Chicago scientists make key finding that may improve Alzheimer’s drugs

by: Dina BairKatharin Czink

Posted: Mar 12, 2025 / 04:33 PM CDT

There has been progress. The latest Alzheimer’s drug appears to tackle the characteristic features of the disease in the brain. Now Chicago area scientists say they have identified the genes that drive the process and now want to make the drug even better.  

Lynn van Olst left the Netherlands and brought her expertise to Chicago to study Alzheimer’s, particularly the role our own immune cells play in the mind-robbing disease.

“I’m a neuro-immunologist so my passion is looking at immune cells,” she said.

In her latest study, she looked at multiple brain samples from a failed clinical trial and one from a more recent patient.

“Then we also had one brain treated with one of the newer drugs that is on the market right now,” she said.

That new drug is called Lecanemab. It’s designed to clear away the amyloid beta plaques known to play a role in Alzheimer’s disease.

“We don’t want to advocate pro or con these treatments,” van Olst said. “What we want to do is understand how they work in the brain, which genes are involved, so we can improve them.”
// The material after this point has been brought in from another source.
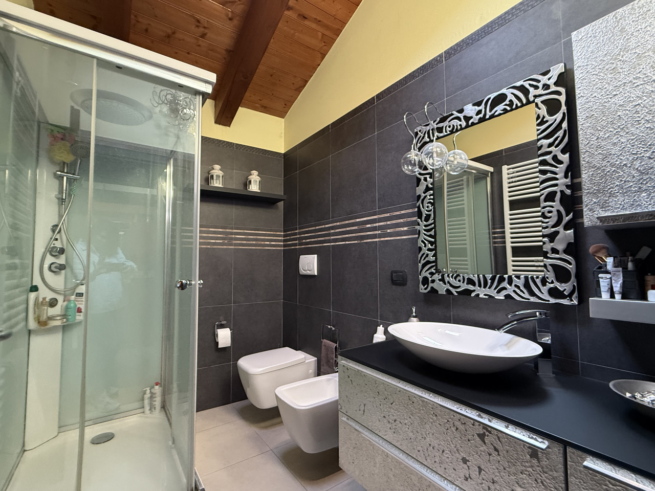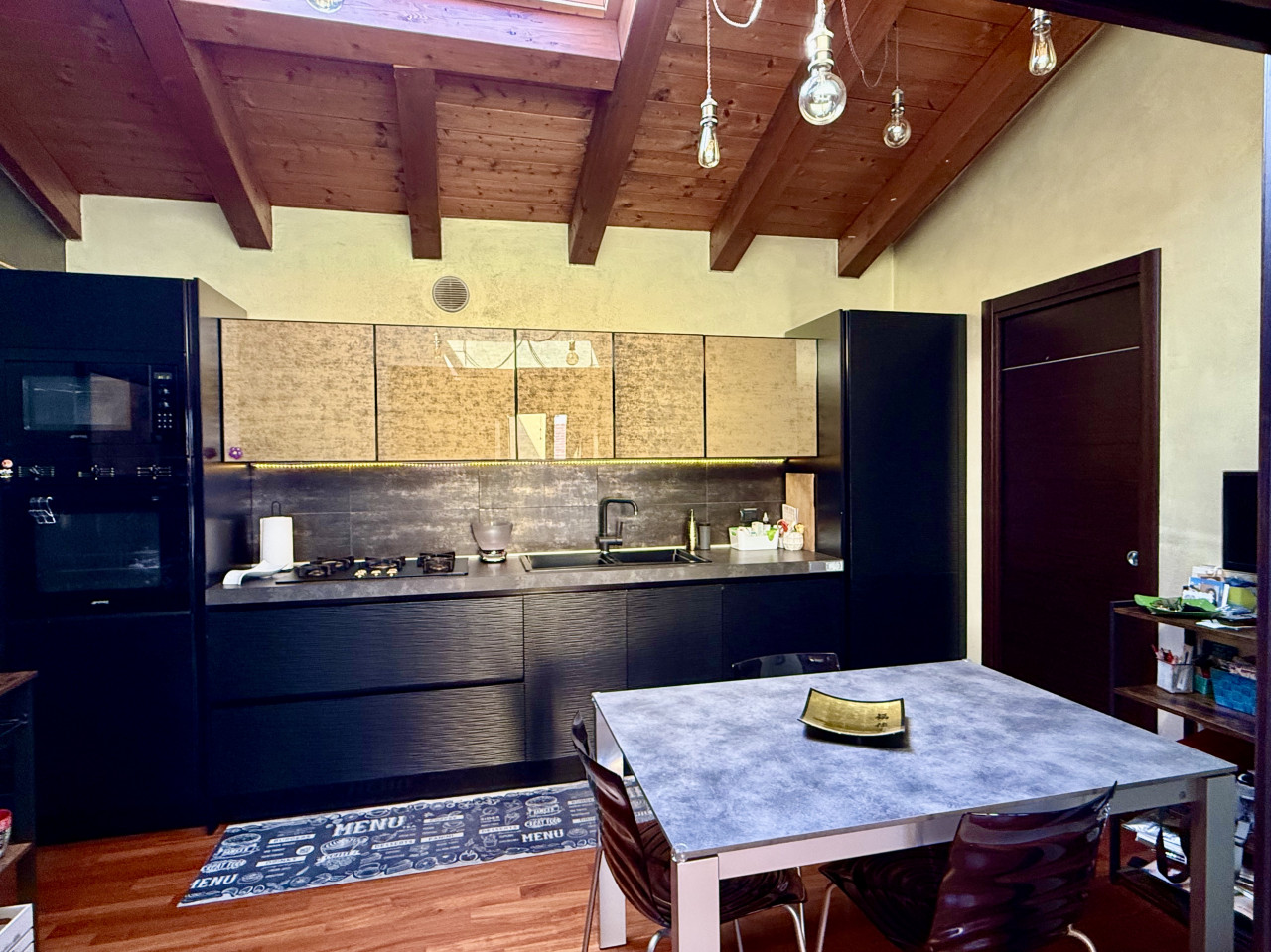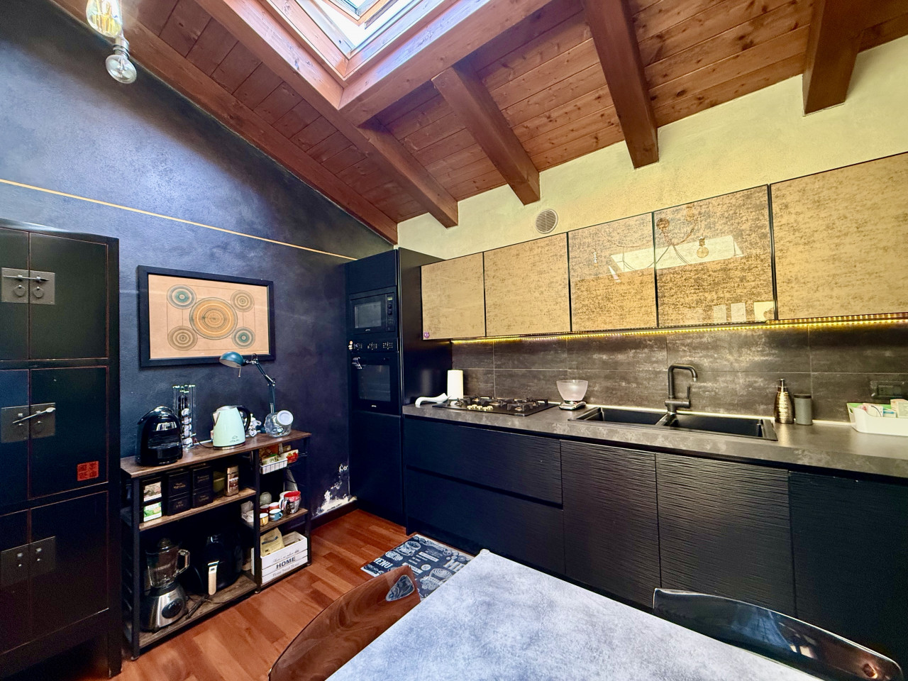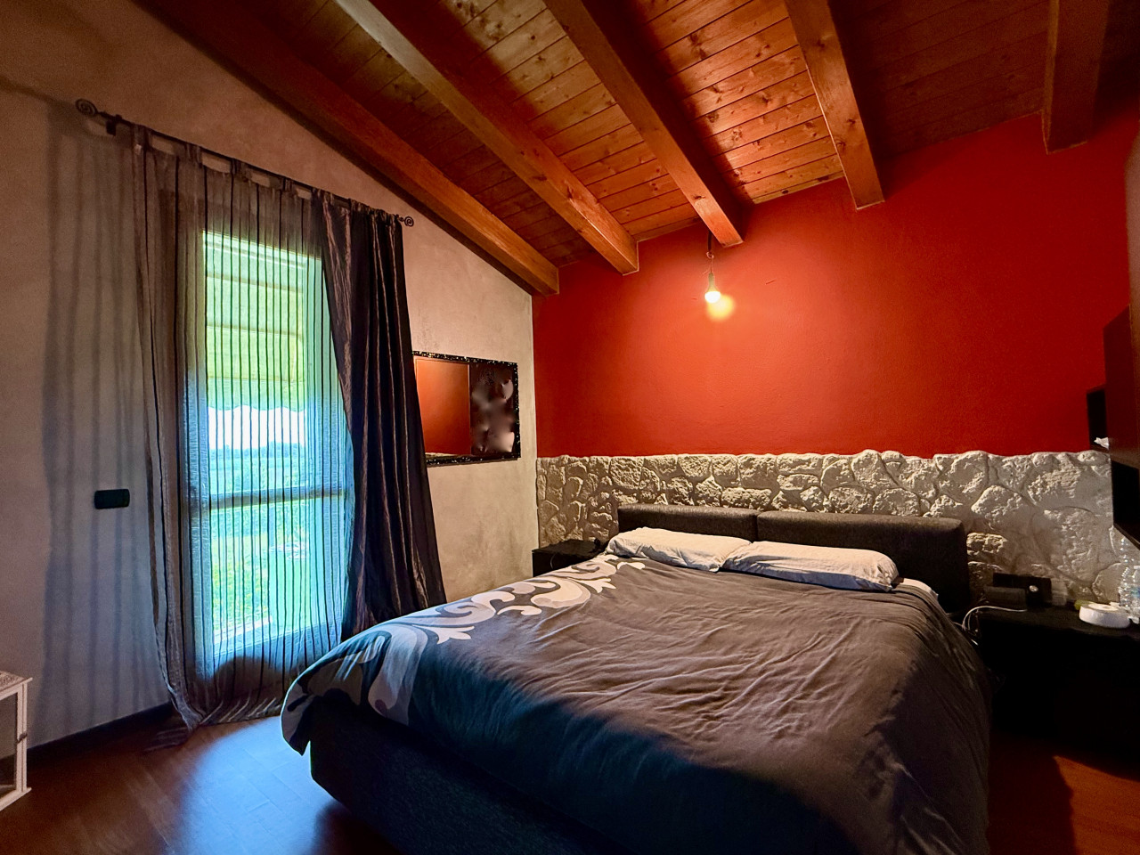 Le caratteristiche interne sono completate dal pavimento in parquet e dalla travatura a vista presente nell'intera abitazione, riscaldamento a pavimento, porte in legno lavorate, ed illuminazione a faretti che donano atmosfere calde agli ambienti. La presenza dei doppi split climatizzatori sia nella zona giorno che notte assicura massimo confort tutto l'anno.
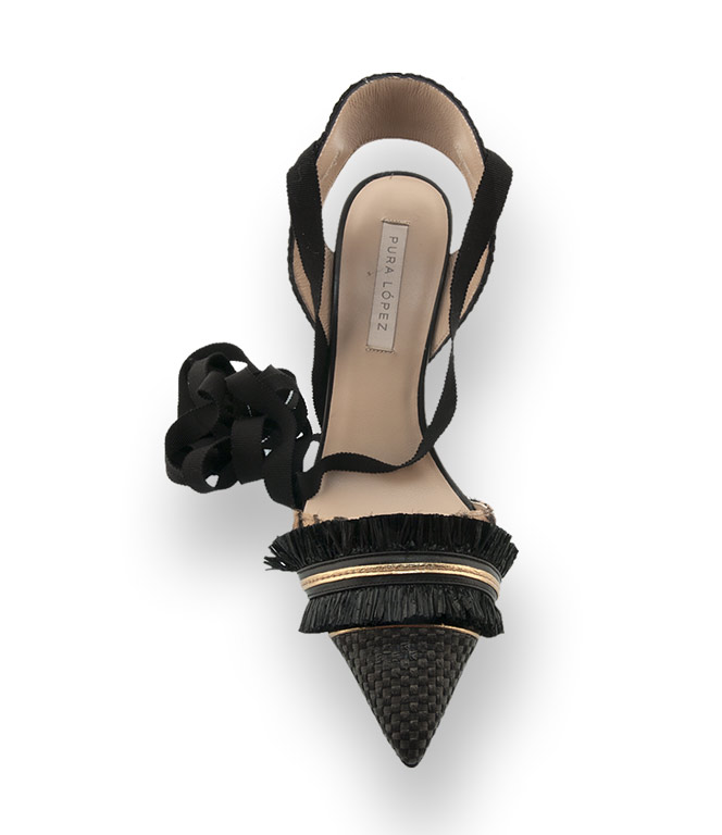 Pura Lopez Schuhe sling in schwarz mit gold Fransen zum Binden

There’s room for improvement.

With the help of a new tool that serves as a sort of GPS of the brain, the research team tracked where the plaques were removed and identified which genes were activated to clear the toxic substances.

The team studied one of the first brains available from a deceased subject who received the new anti-amyloid drug. Days after her last Lecanemab infusion, the patient appeared to be having a stroke, and doctors administered a common stroke treatment known as TPA.

“She came in with these stroke-like symptoms and they treated her for that,” van Olst said. “And the treatment that they give for her at that moment, we know right now doesn’t go well with the drug, but at that moment that information was not available.”

Lecanemab did in fact activate immune cells that then cleared the amyloid plaque from the patient’s brain.

“We believe that these immune cells at the blood vessels might have a key role in the side effects to these drugs,” Van Olst said. “And we are going to try to understand that better by looking into brains that experience these side effects.”

Genetic factors also play a role, specifically a variant known as APOE4. Another nuance is while the treatment did work to remove amyloid plaque from the brain, it did not appear to stop the spread of what’s called tau pathology – tau is a toxic substance that is closely linked to cognitive decline in Alzheimer’s disease.

“So we think that either this treatment is not specific enough or not early enough we don’t know which of the two it is,” she said. “We know what kind of genes are active right here. Our second question is what kind of genes are active right here and if we know that can we then make these drugs a little bit better and a little bit more specific.”

The team is not working with the drug’s maker – this is independent research using donated brain tissue. In their next study, the researchers plan to take a closer look at the cells and genes involved in attacking the blood vessels in people who have side effects following treatment.